New Brunswick and Newfoundland and Labrador HST Rate Increases – Sales and Rentals of Non-residential Real Property

From: Canada Revenue Agency

GST/HST Info Sheet GI-188
June 2016

On February 2, 2016, and April 14, 2016, respectively, the Government of New Brunswick and the Government of Newfoundland and Labrador announced their intentions to increase the provincial part of the harmonized sales tax (HST) by two percentage points from 8% to 10%, effective July 1, 2016. This results in an increase in the HST rate from 13% to 15%.

On March 30, 2016, the Government of New Brunswick released transitional rules to determine the HST rate applicable to transactions that straddle the July 1, 2016, implementation date.

On May 3, 2016, the Government of Newfoundland and Labrador released transitional rules to determine the HST rate applicable to transactions that straddle the July 1, 2016, implementation date.

This info sheet provides information that reflects the application of those transitional rules, which have been enacted in the Regulations Amending Various GST/HST Regulations, No. 8 (SOR/2016-119).

All supplies referred to in the examples are made in New Brunswick or Newfoundland and Labrador. If you are uncertain as to whether a supply is made in a participating province, refer to GST/HST Technical Information Bulletin B-103, Harmonized Sales Tax – Place of Supply Rules for Determining Whether a Supply is Made in a Province.

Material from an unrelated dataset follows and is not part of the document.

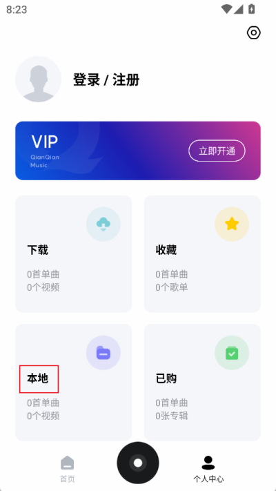 2、點擊后進入個人中心界面,在這里找到下方的【本地】選項并點擊;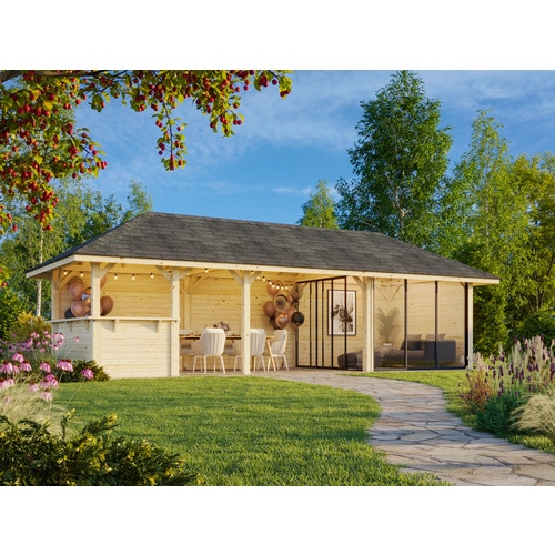 - Großzügiger Raum: Mit einer Grundfläche von 876 x 300 cm bietet der Pavillon viel Platz für Möbel, Gäste und Aktivitäten.

This info sheet explains the rules for the New Brunswick and Newfoundland and Labrador HST rate increases that apply to the taxable sale or rental of non-residential real property (that is, real property other than housing) in New Brunswick and Newfoundland and Labrador.

Exempt sales and rentals of non-residential real property are not affected by the HST rate increases.

Refer to GST/HST Info Sheet GI-190, New Brunswick and Newfoundland and Labrador HST Rate Increases – Sales and Rentals of New Housing, for information on how the HST rate increases apply to taxable sales, “self-supplies,” and rentals of new housing in New Brunswick and Newfoundland and Labrador.

Sale of non-residential real property

Effective July 1, 2016, the HST at 15% applies to a taxable sale of non-residential real property in New Brunswick or Newfoundland and Labrador.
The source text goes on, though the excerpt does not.